Pastor Vinod Kumar (42) from Sangoi village, Karnal District, in the north Indian state of Haryana, was reportedly beaten to death by a suspected criminal on 30 June. Sources said the attacker beat Pastor Kumar with a wooden roof truss and that he had recently been released on bail and has three court cases pending against him. The pastor leaves his wife, Sunita Kumar, and their 11-year-old daughter.
Sunita reported that after leading online worship at his house church, her husband received a call from the attacker’s brother to visit a sick villager. She said that as he was about to start his motorbike and leave the sick person’s home at about 8 pm he was struck by the attacker, who had been waiting for him.
“He attacked Vinod unaware from behind,” Sunita told Morning Star News. “He hit him hard on his head three times even after he fell from the motorbike. He hit him till his skull broke open.”
Senior Pastor Sompal Kalre, who led Pastor Kumar to Christ 25 years ago, said neighbours found the attacker standing with the wooden beam in his hand as Pastor Kumar lay dead. They immediately informed police.
“But before the police arrived, the villagers caught hold of the attacker and started hitting him,” Pastor Kalre said. “The police arrived in time and rescued the suspect from the hands of the angry villagers, or else the mob would have killed him.”
The pastor’s body was taken to a nearby hospital, where doctors declared him dead on arrival. Pastor Kalre said the pastor’s father and brothers, who are Hindus, cremated his body the same day, in accordance with Hindu rituals.
Police arrested the suspect and registered a First Information Report at Sadar police station in Karnal, 13 km from Sangoi, and a court remanded him to jail for two weeks. Sunita (pictured) said police charged the attacker’s father and brother for “concealing the plan and thus being partakers in the same”.

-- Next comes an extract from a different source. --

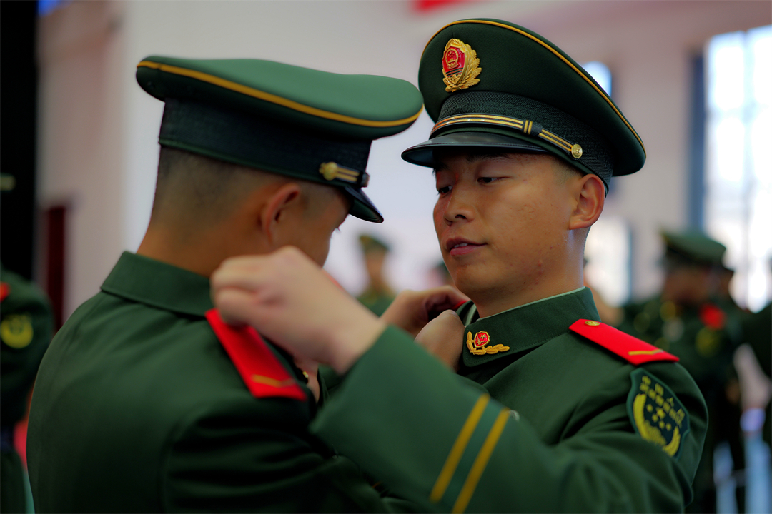 圖為新兵之間相互佩戴軍銜。

Sadar police station head officer Baljeet Singh told Morning Star News that the motive for the killing “was some trivial animosity, and further interrogation is underway.” However, Sunita said her husband had been talking about God with the suspect for two-and-a-half months, and that she believed this upset him. She said the attacker would occasionally visit Pastor Kumar in his shop, where the pastor would talk about God’s love, forgiveness and saving grace.
“He had also visited our home to get himself prayed for,” she said, adding that he had asked the pastor to pray for his deliverance from drug addiction. “I do not know what came upon him that he took such a drastic step of killing Vinod so brutally.”
Chandigarh pastor Reji K. George said he saw the attack as a clear case of anti-Christian persecution. “In fact, the villagers and the police entered into an argument when the police declared that it was because of personal animosity that the suspect killed Pastor Vinod,” he told Morning Star News. “The villagers retaliated and claimed that it was false.”
Sunita said her husband was the only Christian in his family and that his parents and four brothers were upset with him for following Christ. “Vinod was the second follower of Christ in the village, after Pastor Sompal, and was unmarried then,” she said. “He has faced opposition many times from his family and the villagers, but one could not imagine that something like this would happen with him.”
Sunita Kumar has said that she intends to continue her husband’s work. “I have resolved to carry on the work my husband was doing, and I want to live his dream out,” she said. “Vinod became a martyr for his faith, and I too will die for my faith.”
Background
After Pastor Kumar became a Christian he went to train at a Bible college in Rewari and then returned home to minister in Sangoi, where he began a fellowship in 1999. He also ministered in 18 villages, and families from these villages attended the church that met in his house.
Village chief Angrez Singh Saini said local leaders and the entire village respected the pastor. He spoke of how gentle he was and said villagers addressed the pastor, a registered medical practitioner, as “doctor”.
“He has a good testimony and name here,” he said. “He was serving humanity. His life was such that he wronged nobody, nor did anybody dislike him. Doctor was so humble that he went home to home treating the sick, and if someone did not have money to pay him, he would treat the patient free of cost.”
Sunita said, “He had no enemies. The entire village was at his cremation, and they all wept for him.” According to Pastor Kalre, between seven hundred and eight hundred people attended the cremation ceremony.
Persecution Relief delegation visits family
Several members of staff from Church in Chains’ partner organisation Persecution Relief visited Sunita following her husband’s murder and are pictured with her and her daughter. (The delegation consisted of Rev Sunil Thomas, Pastor Shiju Philip, Pastor Joy Daniel and Anil Samuel.) Reporting that Sunita “is in shock & she is inconsolable”, Persecution Relief asked: “Church Pray for the family”.